This is a practical guide for georeferencing. It describes the protocols to determine the shapes of features and how to use them as the basis for georeferencing with the point-radius georeferencing method (Wieczorek 2001, Wieczorek et al. 2004, Chapman & Wieczorek 2020) using the Georeferencing Calculator (Wieczorek & Wieczorek 2020), and its associated Georeferencing Calculator Manual (Bloom et al. 2020), maps, gazetteers, and other resources from which coordinates and spatial boundaries for places can be found. This document is a citable georeferencing protocol. If a derived protocol is used, a new document with attribution to this Guide should be made publicly available and cited.
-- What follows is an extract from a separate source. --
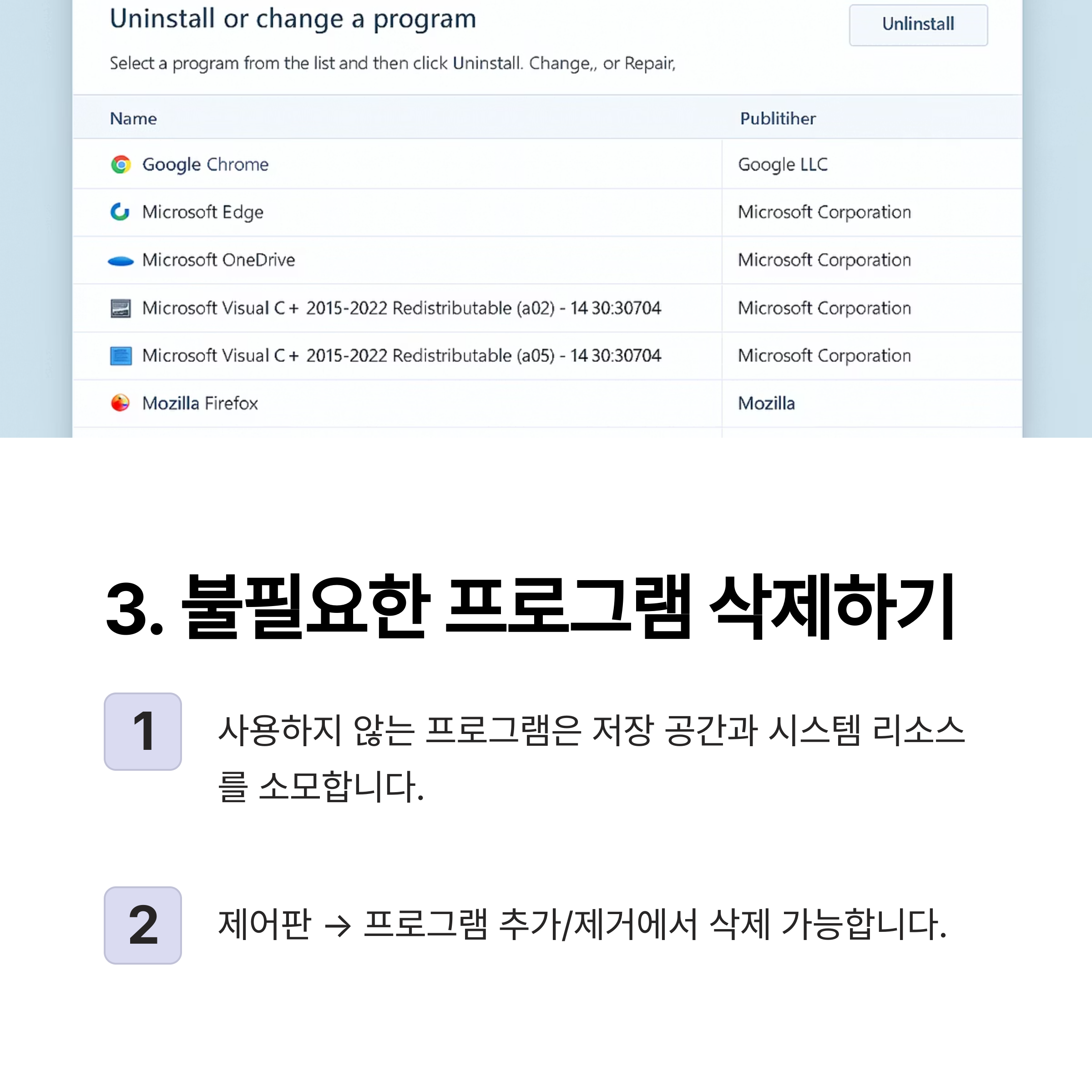 3. 불필요한 프로그램 삭제로 여유 공간 확보

This Guide is based on a first version of the Guide (Wieczorek et al. 2012)), which was in turn an adaptation of Georeferencing for Dummies (Spencer et al. 2008). It explains the recommended georeferencing procedures for the most commonly encountered type of localities. This Guide should be used in parallel with the Georeferencing Best Practices (Chapman & Wieczorek 2020), which contains the theoretical background and more detailed information about concepts used here.
Underlined terms throughout this document (e.g. accuracy) link to definitions in the Glossary. Terms in italics (e.g. Input Latitude ) refer to fields and/or labels in the Georeferencing Calculator (Wieczorek & Wieczorek 2020) (hereafter referred to as 'the Calculator'). Darwin Core terms are displayed in monospace (e.g. dwc:georeferenceRemarks) in all GBIF digital documentation.
At the end of this document is a Georeference Quick Reference Guide Key to Locality Types, which contains a quick summary of the protocols for the most common locality types, described in detail in the sections of this guide.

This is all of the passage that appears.